» **Assignment**:
When the data below is printed, every line must match exactly and the images must be absent.
------ Dataset content ------
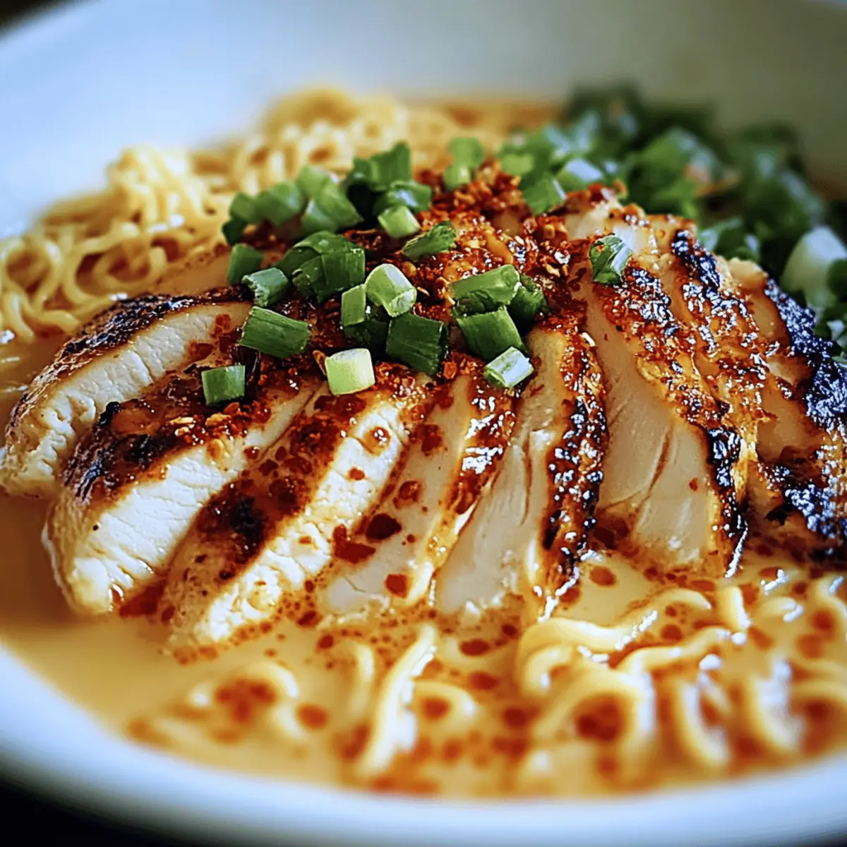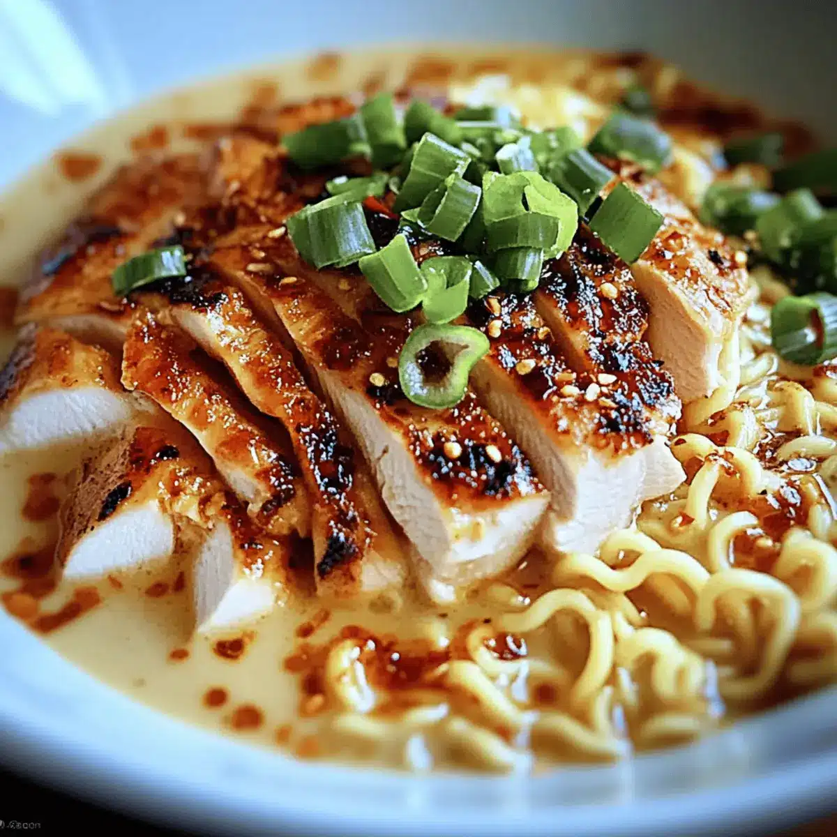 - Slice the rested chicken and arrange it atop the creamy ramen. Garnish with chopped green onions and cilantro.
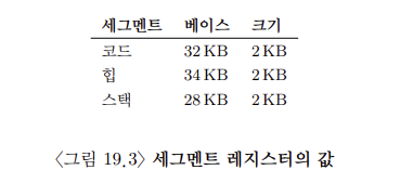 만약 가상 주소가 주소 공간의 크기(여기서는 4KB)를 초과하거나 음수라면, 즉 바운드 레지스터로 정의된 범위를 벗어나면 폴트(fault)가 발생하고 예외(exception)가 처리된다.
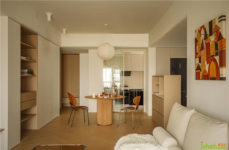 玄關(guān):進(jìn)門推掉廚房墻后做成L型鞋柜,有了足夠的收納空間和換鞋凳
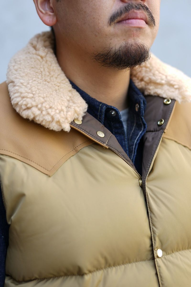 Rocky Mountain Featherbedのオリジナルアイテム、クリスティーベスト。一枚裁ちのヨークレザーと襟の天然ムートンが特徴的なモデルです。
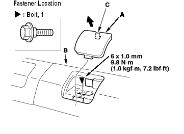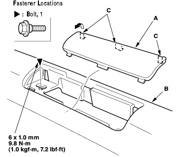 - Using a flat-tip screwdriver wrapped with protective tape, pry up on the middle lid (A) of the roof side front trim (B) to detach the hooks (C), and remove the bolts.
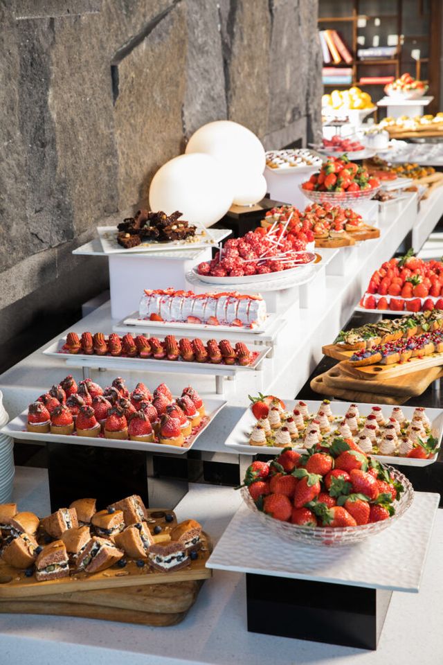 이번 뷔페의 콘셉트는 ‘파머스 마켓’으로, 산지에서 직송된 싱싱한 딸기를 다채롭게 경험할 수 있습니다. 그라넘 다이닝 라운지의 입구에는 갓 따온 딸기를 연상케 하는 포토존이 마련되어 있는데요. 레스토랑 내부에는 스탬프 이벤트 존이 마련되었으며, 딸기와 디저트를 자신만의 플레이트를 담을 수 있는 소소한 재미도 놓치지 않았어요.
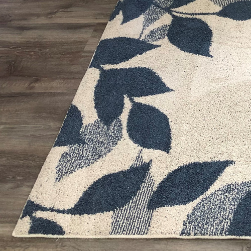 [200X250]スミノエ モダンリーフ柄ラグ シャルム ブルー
------
» **Written solution**:
 - Slice the rested chicken and arrange it atop the creamy ramen. Garnish with chopped green onions and cilantro.
 만약 가상 주소가 주소 공간의 크기(여기서는 4KB)를 초과하거나 음수라면, 즉 바운드 레지스터로 정의된 범위를 벗어나면 폴트(fault)가 발생하고 예외(exception)가 처리된다.
 玄關(guān):進(jìn)門推掉廚房墻后做成L型鞋柜,有了足夠的收納空間和換鞋凳
 Rocky Mountain Featherbedのオリジナルアイテム、クリスティーベスト。一枚裁ちのヨークレザーと襟の天然ムートンが特徴的なモデルです。
 - Using a flat-tip screwdriver wrapped with protective tape, pry up on the middle lid (A) of the roof side front trim (B) to detach the hooks (C), and remove the bolts.
 이번 뷔페의 콘셉트는 ‘파머스 마켓’으로, 산지에서 직송된 싱싱한 딸기를 다채롭게 경험할 수 있습니다. 그라넘 다이닝 라운지의 입구에는 갓 따온 딸기를 연상케 하는 포토존이 마련되어 있는데요. 레스토랑 내부에는 스탬프 이벤트 존이 마련되었으며, 딸기와 디저트를 자신만의 플레이트를 담을 수 있는 소소한 재미도 놓치지 않았어요.
 [200X250]スミノエ モダンリーフ柄ラグ シャルム ブルー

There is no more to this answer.